The contractor will be comforted by 2.34.4 and 2.34.5 into believing that he has not simply ratified the employer’s requirements. Any proven inadequacy in design will entitle him to claim a variation and quite possibly more time and more money.
Taking all these component parts of the contract together, it will not be surprising if the employer and his team believes that where the design in the employer’s requirements is silent on a matter this is to be completed by the contractor. If he fails to “fill in the gaps”, then the contractor is responsible for that. The contractor, on the other hand, will be confident that if and insofar as the employer’s design of the CDP is inadequate, he is not responsible. Even where he is responsible, he will be reassured that his responsibility is limited to reasonable skill and care and not a fitness for purpose obligation in respect of the design.
But there are gaps between the notes. Plainly, in the ordinary course of things, there can be an inadequacy in a design, not only because the design is positively wrong but also because the design has inadequacies of or by omissions. If there is such an error of omission which amounts to an inadequacy in the design, then the contractor is not responsible for it.
There will be cases where it is clear that the employer’s own designer has not properly applied his mind to the design and has left something out of the employer’s requirements.
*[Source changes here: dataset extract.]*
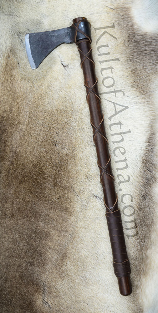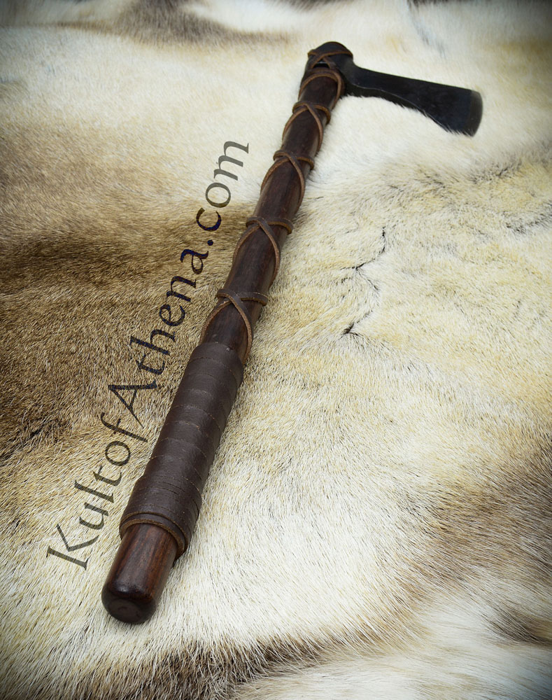 The Ragnar Viking Axe has an axe head forged from high carbon steel which is fitted to a wooden haft. The head has been reinforced with glue and the axe was finished with a leather grip and leather lattice-work binding upon its haft and head.

Equally, there will be other cases where the Employer’s team can fairly argue that the completion of the design was the contractor’s responsibility. He was given a partial design and the contract required him to complete it.
It is likely that the more complex and complicated the technical issues are surrounding what is omitted from the Employer’s Requirements, the greater the scope for argument over whether there is an inadequacy or not.
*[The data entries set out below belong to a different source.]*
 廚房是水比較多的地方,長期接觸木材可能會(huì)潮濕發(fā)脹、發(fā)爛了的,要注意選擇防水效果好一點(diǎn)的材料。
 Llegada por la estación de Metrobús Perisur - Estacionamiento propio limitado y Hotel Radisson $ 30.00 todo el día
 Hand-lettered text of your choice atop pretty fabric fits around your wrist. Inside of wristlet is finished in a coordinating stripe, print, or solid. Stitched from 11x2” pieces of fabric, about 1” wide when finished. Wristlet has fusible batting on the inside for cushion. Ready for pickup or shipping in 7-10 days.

There is of course a requirement upon the contractor under 2.13.3 to notify the architect/contract administrator of the errors, omissions or inconsistencies, including inconsistencies within the Employer’s requirements not dealt within the contractor’s proposals of which he is aware. That does not alter the position that the contractor is not responsible for inadequacies in the employer’s requirements of which he is not aware.
It can be said, superficially, that if the Works are properly scoped, specified, drawn and described in the employer’s requirements and the contractor’s proposals, problems over design responsibility should not occur. Yet they do occur – surprisingly often.
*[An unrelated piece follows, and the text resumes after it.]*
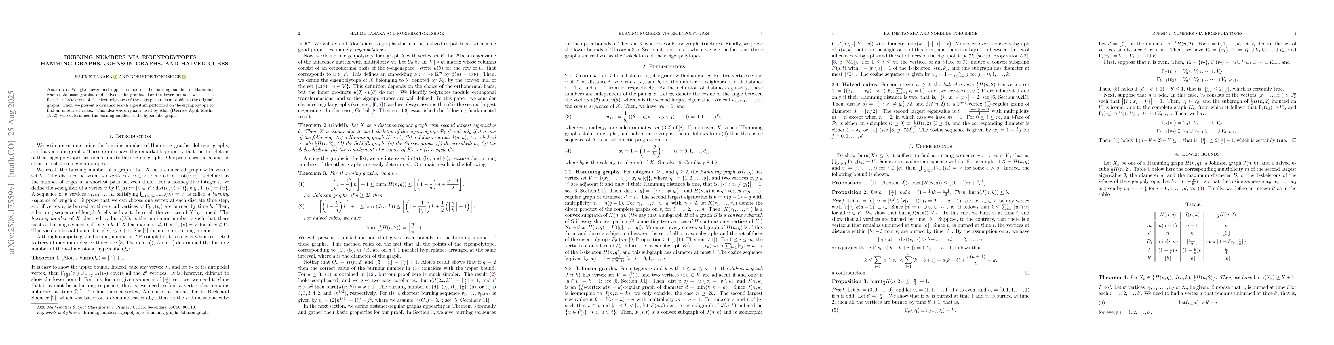 We give lower and upper bounds on the burning number of Hamming graphs, Johnson graphs, and halved cube graphs. For the lower bounds, we use the fact that $1$-skeletons of the eigenpolytopes of these graphs are isomorphic to the original graphs. Then, we present a dynamic search algorithm performed on the eigenpolytope to find an unburned vertex. This idea was originally used by Alon (Discrete Appl.\ Math.,\ 1992), who determined the burning number of the hypercube graphs.

The temptation for the employer’s team is to keep the description of the works in the contractor’s designed portion simple, so as to pass the onus of design to the contractor. Faced with a simplistic description of the Contractor’s Designed Portion, the contractor will narrowly interpret what he is required to design and argue that everything else, including the interface between what he has to design and the rest of the works, is for the architect or the employer’s team.
So, determining precisely what design the contractor has to complete under 2.1.1 and where responsibility lies for inadequacies, can be far from easy.